Bellamy's Crew
Men of feckless irresponsibility who scorned those with a home, preferring the flat horizons of seas than the cramped walls and cubicles of sedentary living.
They neatly sidestepped whole generations that had been bound in chains, poisoned and trapped. Bellamy danced around in a merry circle, leading his crew to slip the chains, spit the poison and vault the walls. The human cogs watched in rage and screamed, calling them vagabonds, dirty reprobates and lazy good-for-nothing scum.
Tipping his hat to the odious stares, Bellamy caroused, a life lived with zest and laziness.
“Why if he had wanted us to work he would not have created this wine”
He would extend the bottle and wink:
“With a skinful of this, would you rush out to commit economics?”
The crew readily assented, despite fear and hunger never being far at hand.
Work was often an issue, despite being purveyors of rare services and desirable expertise. Sought after in a world ruled by psychotic jackals, devoured by ruthless vultures and shat upon by all those above, Bellamy and his crew dine delicately with the vultures, sidestep the shit and elegantly remove the bone from the rabid jackals, never forgetting to kindly share it along with other miscreants found along their way.

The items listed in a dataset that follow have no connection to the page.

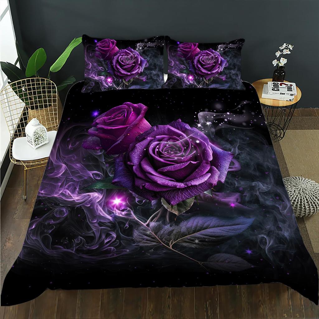 Комплект постельного белья Purple Rose из трех предметов с романтическим цветочным узором на День святого Валентина в подарок паре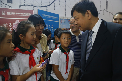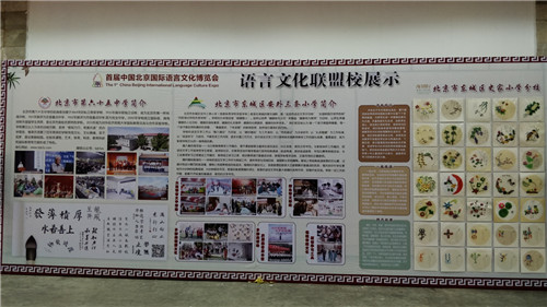 在本届语博会上还有一个特别的展区,即语言文化联盟校展示区。北京市第六十五中学、史家小学分校、安外三条小学作为语言文化联盟校的代表以展板和视频的形式进行了展示,三所学校都选取了本校在语言文字工作方面最具特色的成果,展示受到了相关领导和参观群众的一致好评。
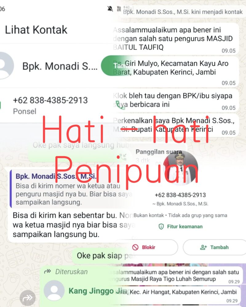 GLOBALJAMBI.COM, KERINCI – Masyarakat Kabupaten Kerinci diminta waspada terhadap modus penipuan yang mengatasnamakan Bupati Kerinci, Monadi. Baru-baru ini beredar pesan melalui aplikasi WhatsApp dari nomor tidak dikenal yang mengklaim sebagai Bupati Monadi dan menawarkan bantuan untuk pembangunan masjid.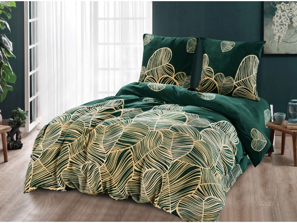 Mikroplyšové povlečení SRDCE zelené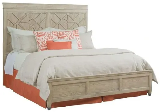 Vista is a casual transitional collection, utilizing everyday transitional styling and incorporating it with some seemingly casual elements and accent pieces. King reversible wood or seagrass headboard panel in this bed will work in any setting. Beautiful grid work to finish off the look. Also available in queen and California king sizes.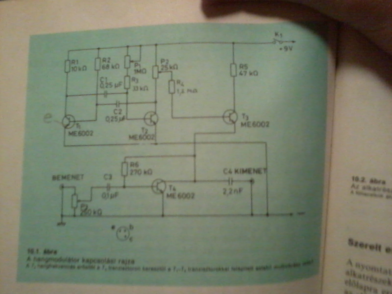 F. G. Rayer : Elektronikai játékok című könyvben van egy hangmodulátor. Elkészítettem NYÁK-ot, de nem működik. Minden stimmel, elvileg van benne egy előerősítő + az erősítős hangszóróm, de a működőképes mikrofon mellett sem akar működni. 4 olyan tranzisztor kell bele, amelyet már nem kapni (ME6002), de helyette mást használtam. Ez lehet a hiba? (A bekötés helyes.)

Believing, to a man, that you couldn’t be truly happy when surrounded by other people’s wretchedness.
“How can you make merry if those around you are not?” Bellamy would earnestly intone.
Mangled cosmic beauties refusing the well-worn yoke that had so effectively ensnared many of their kind in a daily grind. They looked through you and to each other, face to face bound by the unwavering solidarity that is forged and tempered in the fiery furnace of shared misery.
In their new work, the young ragamuffins of old had discovered, if not peace, at least an ordered chaos that enabled further transgressions and delinquent pleasures.
Virtues and graces, those little niceties that once marked the boundaries of our civilisations.
The fevered craziness of our system, that manically eats and then regurgitates ever-increasing portions of our world. The digested slop is safely stripped of the original beauty and shorn of any uniqueness that potentially provided meaning. Amongst such homogenous wastes and imploded landscapes did Bellamy and his crew joyfully tread. Nonetheless, they too were spinning chaotically in orbits, yet perhaps with a greater beauty than this post-industrial realm’s well-worn groove, where solitude and hunger stalk the land, destroying all in its wake.
Every historical encounter with a native people grew into a metaphorical and sometimes literal genocide. Any and all means for autonomous living are brutally stripped away, unique languages erased and entire cosmologies bludgeoned.
Every original way of seeing the world has been puréed into venomous mush.
A pointed look from Bellamy is the cue for Yanez to ask:
“What do we have left to lose?”
With a face half satyr and half enlightened prophet, Bellamy responds, addressing the whole crew:
“Nothing. This will be a good deed lads and most likely the last one we do!”
Yanez, his wiry frame gesticulating wildly, a reminder of his more indulgent heroin days, intones: “Bellamy, to a man we, would lay our lives down for you” The rest of the crew rumbles in assent.
“Whose ship?” bellows Bellamy.
Before the phrase even escapes his lips, the words are drowned out by waves of
“Our ship! Our ship Our ship!”.
A rare smile cracks his weathered visage. He stares back gleaming at the frenzied crew, as they shout themselves hoarse with fervent glee. Keen eyed observers may even spy a wet glimmer in the corner of one eye.
Their path will not be free of hardship, but it shall be filled with joy in defiance, communion in mischief, and a stubborn refusal to abandon the art of living.